The reality is most customers come in with a specific business need that we're looking to fulfill and then give them a vision in their mind of where they can go beyond that. That remains our core strategy. When I work with customers and I help them to define what is their social enterprise for the future, I think a lot about where is their employee social network today, where is their customer social network today, where is their product social network, and how can we elevate their consciousness about the ability to deploy more of that. I think one of the most exciting things in the release of our technology that we just put out is that now inside Chatter is Salesforce.com's customer groups. You can create a group not only of employees, but you can now create a group and you can bring in employees and customers.
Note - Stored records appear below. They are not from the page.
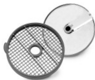
KIT CUBETTI SPECIFICO PER IL TAGLIO DELL'INSALATA CON DIMENSIONI 50 X 70 X 25 MM. PER CL50D/52D/55D CL50D- E/52D - E /55D/ CL 50
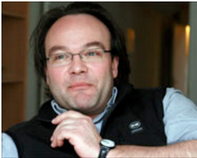
رولاند ميرك رصد أغلب المجازر التي تعرض لها الفلسطينيون على أيدي الصهاينة (الجزيرة)

ثم تصل المسرحية إلى مذبحة مخيم جنين 2002، وتستند فيها إلى شهادة جندي إسرائيلي حول ما تم ارتكابه من جرائم، وصولاً إلى حرب غزة 2009، التي شاهدها الرأي العام الدولي عبر شاشات الفضائيات.
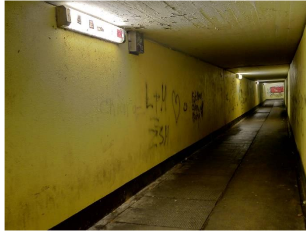
Fußgängerunterführung mit 50 Meter Länge führt zur Straße „Im Werl“
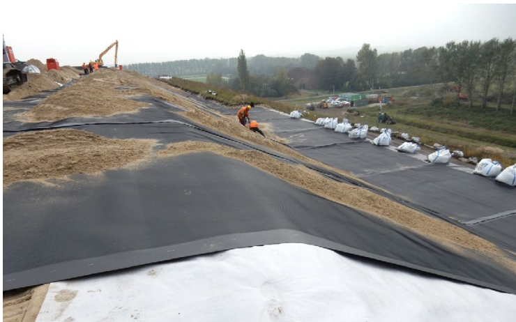
Foto: Aanbrengen geotextiel en HDPE-folie.

That could provide an exponential effect on Chatter. Every Chatter user can go out and create a group and then bring outside customers into that group to collaborate and create a portal and share information within that group. We've just never seen technology like that. Salesforce.com's technology has primarily been myopic. It's been within the enterprise. Maybe we had a portal for your customers. Now we're including the customer into that. That's an exciting next step in enterprise software. I think it's an accelerator for customers on the social enterprise. We continue to see strong deal flow. We have to see all of our sales cycles to be highly normalized in terms of their close rates.
Speaker 5
All right, great. I want to thank everyone for joining us today. I want to encourage everyone to join us for CloudForce New York on the 30th, or we'll be in Tokyo, as Marc said, later in the month of December. There's really no better way to learn about the social enterprise, our services, or our building ecosystem in the mix with our customers and our partners. To register, you can go to our main site and click on the Events tab, or you can contact Investor Relations. We look forward to seeing all of you at one of our events. Thanks again for joining us today. We'll talk soon. Bye-bye now.
Speaker 0
Ladies and gentlemen, thank you for your participation in today's Salesforce.com Q3 Fiscal Results Conference Call. You may now disconnect.